+++ PROVIDED DATA +++

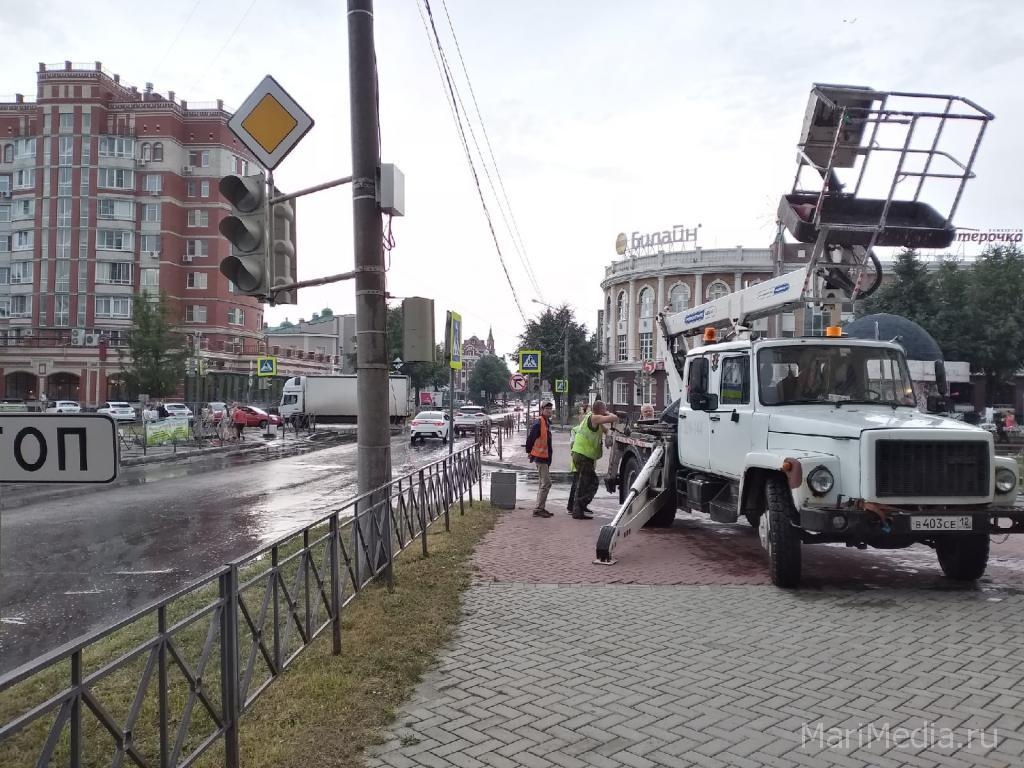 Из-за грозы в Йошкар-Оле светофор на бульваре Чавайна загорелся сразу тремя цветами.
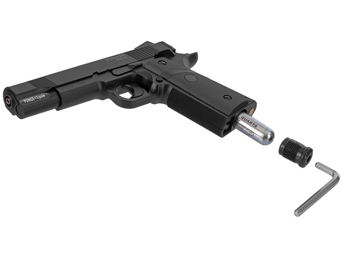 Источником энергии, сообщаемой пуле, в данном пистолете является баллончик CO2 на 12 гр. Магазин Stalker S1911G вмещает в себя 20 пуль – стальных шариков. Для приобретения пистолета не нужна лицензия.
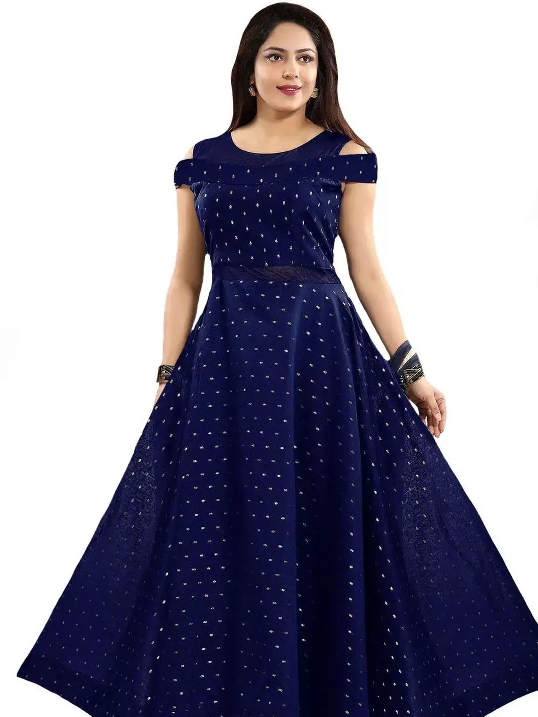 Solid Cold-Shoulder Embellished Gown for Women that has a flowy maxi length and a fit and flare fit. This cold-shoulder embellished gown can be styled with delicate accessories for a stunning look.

+++

#### EXERCISE AIM:
Where the data contains an image, skip the image and copy everything else exactly as it appears.

#### SOLUTION:
 Из-за грозы в Йошкар-Оле светофор на бульваре Чавайна загорелся сразу тремя цветами.
 Источником энергии, сообщаемой пуле, в данном пистолете является баллончик CO2 на 12 гр. Магазин Stalker S1911G вмещает в себя 20 пуль – стальных шариков. Для приобретения пистолета не нужна лицензия.
 Solid Cold-Shoulder Embellished Gown for Women that has a flowy maxi length and a fit and flare fit. This cold-shoulder embellished gown can be styled with delicate accessories for a stunning look.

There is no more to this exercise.